WORK REQUEST ::
Output only the lines below from the one holding "Esta teoría la" down to the one holding "#天使なの #もか萌絵 #萌々嫁もか", both end lines included and every picture dropped.

EXERCISE MATERIALS ::
--
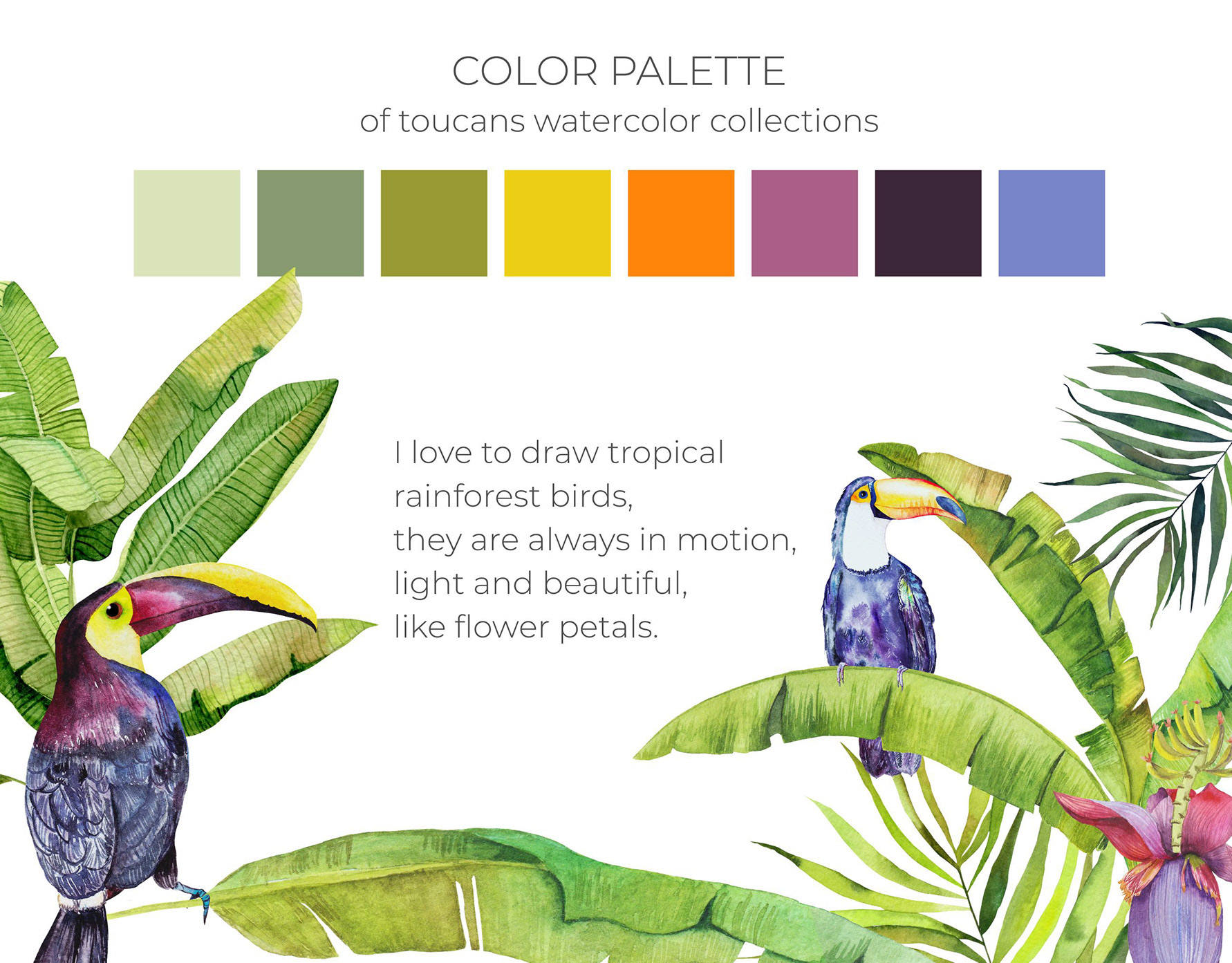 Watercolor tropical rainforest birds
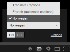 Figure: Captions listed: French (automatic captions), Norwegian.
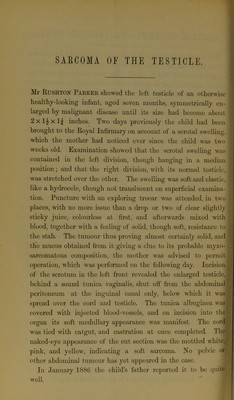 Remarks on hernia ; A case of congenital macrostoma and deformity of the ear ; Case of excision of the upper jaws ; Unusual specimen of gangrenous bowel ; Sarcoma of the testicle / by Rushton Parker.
--
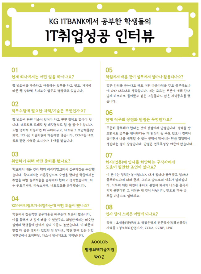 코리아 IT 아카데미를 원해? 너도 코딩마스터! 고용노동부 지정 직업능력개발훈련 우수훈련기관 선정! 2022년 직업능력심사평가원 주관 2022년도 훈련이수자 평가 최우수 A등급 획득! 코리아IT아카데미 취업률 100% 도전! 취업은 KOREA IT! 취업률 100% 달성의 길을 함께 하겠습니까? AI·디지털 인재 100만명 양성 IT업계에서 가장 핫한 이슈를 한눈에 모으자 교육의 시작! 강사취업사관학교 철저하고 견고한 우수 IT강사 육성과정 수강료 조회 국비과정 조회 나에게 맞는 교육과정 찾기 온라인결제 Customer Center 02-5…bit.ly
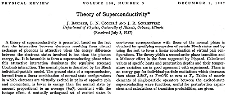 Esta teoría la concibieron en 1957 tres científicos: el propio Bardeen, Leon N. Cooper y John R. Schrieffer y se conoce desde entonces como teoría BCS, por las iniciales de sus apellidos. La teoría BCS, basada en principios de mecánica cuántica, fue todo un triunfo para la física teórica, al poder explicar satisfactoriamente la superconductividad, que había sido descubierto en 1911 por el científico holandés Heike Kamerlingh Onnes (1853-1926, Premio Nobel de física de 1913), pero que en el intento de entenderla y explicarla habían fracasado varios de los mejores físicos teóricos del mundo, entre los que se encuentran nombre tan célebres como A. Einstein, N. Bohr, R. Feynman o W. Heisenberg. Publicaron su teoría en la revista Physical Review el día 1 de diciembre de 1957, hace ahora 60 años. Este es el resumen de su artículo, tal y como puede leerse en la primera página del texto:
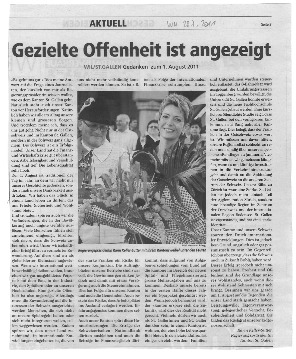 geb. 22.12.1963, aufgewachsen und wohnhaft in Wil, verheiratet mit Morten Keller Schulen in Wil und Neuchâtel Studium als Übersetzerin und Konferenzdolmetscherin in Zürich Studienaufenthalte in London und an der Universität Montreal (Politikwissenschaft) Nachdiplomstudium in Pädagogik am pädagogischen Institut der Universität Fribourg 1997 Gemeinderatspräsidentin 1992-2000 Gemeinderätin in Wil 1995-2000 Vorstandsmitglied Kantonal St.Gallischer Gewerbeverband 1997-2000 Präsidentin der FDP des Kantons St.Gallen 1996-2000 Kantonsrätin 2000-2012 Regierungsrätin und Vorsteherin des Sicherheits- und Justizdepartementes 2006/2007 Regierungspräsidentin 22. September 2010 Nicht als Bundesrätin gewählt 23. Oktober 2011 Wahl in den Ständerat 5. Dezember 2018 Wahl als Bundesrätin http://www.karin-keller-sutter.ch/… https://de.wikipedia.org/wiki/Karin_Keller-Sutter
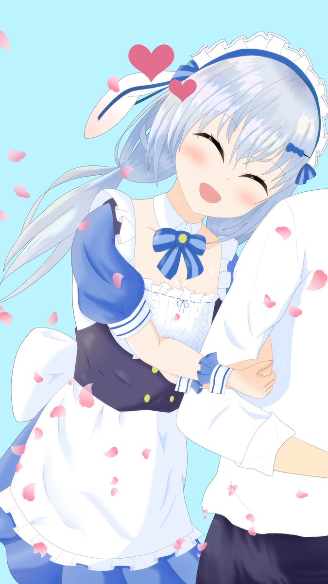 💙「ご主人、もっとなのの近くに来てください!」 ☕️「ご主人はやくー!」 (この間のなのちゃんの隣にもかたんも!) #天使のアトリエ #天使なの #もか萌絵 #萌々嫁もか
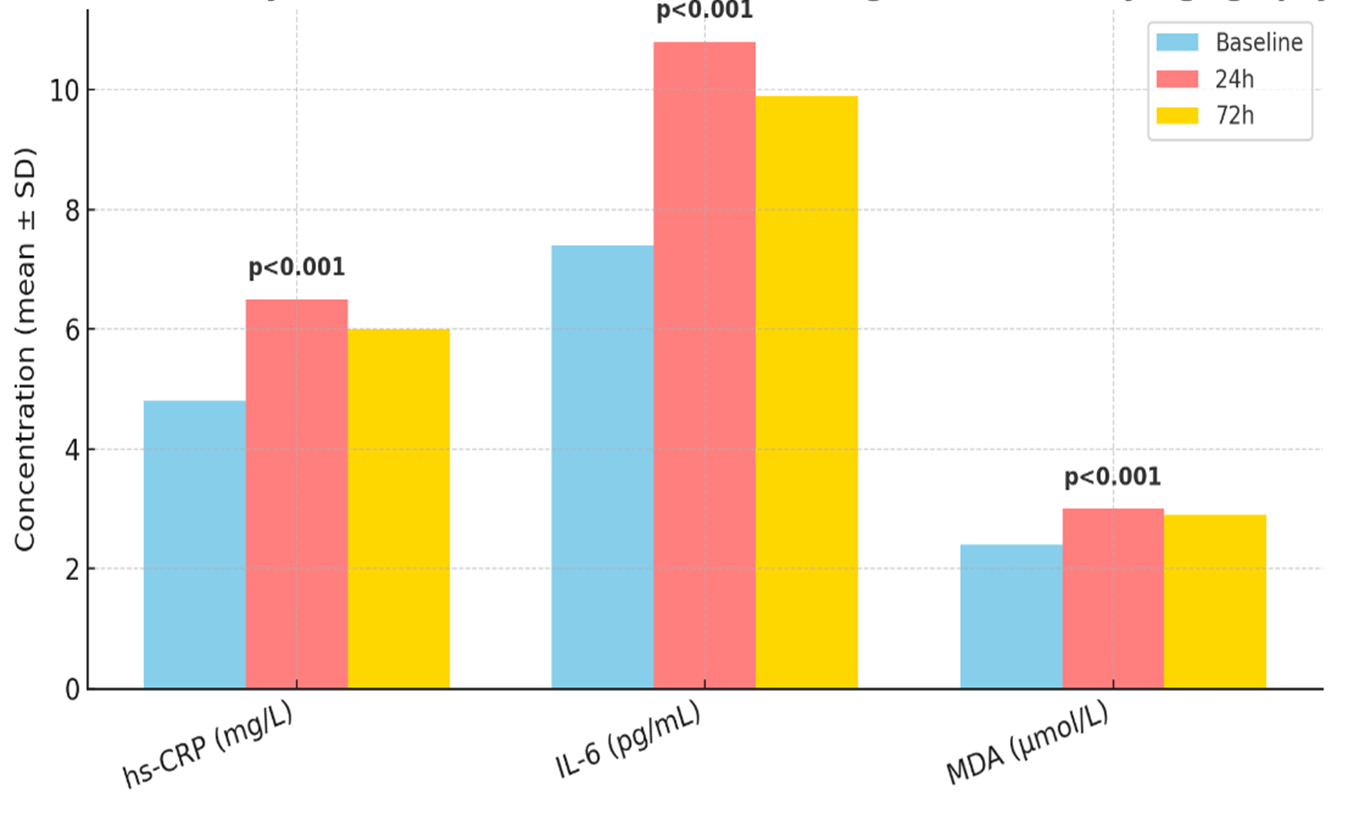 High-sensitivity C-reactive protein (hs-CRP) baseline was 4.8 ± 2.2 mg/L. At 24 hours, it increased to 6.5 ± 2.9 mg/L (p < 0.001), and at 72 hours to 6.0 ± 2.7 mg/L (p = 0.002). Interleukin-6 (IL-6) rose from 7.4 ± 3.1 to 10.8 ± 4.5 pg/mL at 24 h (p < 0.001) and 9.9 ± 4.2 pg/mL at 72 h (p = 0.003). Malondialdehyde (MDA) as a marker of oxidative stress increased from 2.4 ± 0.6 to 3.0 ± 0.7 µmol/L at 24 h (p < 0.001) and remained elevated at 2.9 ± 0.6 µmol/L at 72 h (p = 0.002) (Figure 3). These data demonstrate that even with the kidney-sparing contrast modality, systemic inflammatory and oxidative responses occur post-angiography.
--
EXERCISE RESULT ::
 Esta teoría la concibieron en 1957 tres científicos: el propio Bardeen, Leon N. Cooper y John R. Schrieffer y se conoce desde entonces como teoría BCS, por las iniciales de sus apellidos. La teoría BCS, basada en principios de mecánica cuántica, fue todo un triunfo para la física teórica, al poder explicar satisfactoriamente la superconductividad, que había sido descubierto en 1911 por el científico holandés Heike Kamerlingh Onnes (1853-1926, Premio Nobel de física de 1913), pero que en el intento de entenderla y explicarla habían fracasado varios de los mejores físicos teóricos del mundo, entre los que se encuentran nombre tan célebres como A. Einstein, N. Bohr, R. Feynman o W. Heisenberg. Publicaron su teoría en la revista Physical Review el día 1 de diciembre de 1957, hace ahora 60 años. Este es el resumen de su artículo, tal y como puede leerse en la primera página del texto:
 geb. 22.12.1963, aufgewachsen und wohnhaft in Wil, verheiratet mit Morten Keller Schulen in Wil und Neuchâtel Studium als Übersetzerin und Konferenzdolmetscherin in Zürich Studienaufenthalte in London und an der Universität Montreal (Politikwissenschaft) Nachdiplomstudium in Pädagogik am pädagogischen Institut der Universität Fribourg 1997 Gemeinderatspräsidentin 1992-2000 Gemeinderätin in Wil 1995-2000 Vorstandsmitglied Kantonal St.Gallischer Gewerbeverband 1997-2000 Präsidentin der FDP des Kantons St.Gallen 1996-2000 Kantonsrätin 2000-2012 Regierungsrätin und Vorsteherin des Sicherheits- und Justizdepartementes 2006/2007 Regierungspräsidentin 22. September 2010 Nicht als Bundesrätin gewählt 23. Oktober 2011 Wahl in den Ständerat 5. Dezember 2018 Wahl als Bundesrätin http://www.karin-keller-sutter.ch/… https://de.wikipedia.org/wiki/Karin_Keller-Sutter
 💙「ご主人、もっとなのの近くに来てください!」 ☕️「ご主人はやくー!」 (この間のなのちゃんの隣にもかたんも!) #天使のアトリエ #天使なの #もか萌絵 #萌々嫁もか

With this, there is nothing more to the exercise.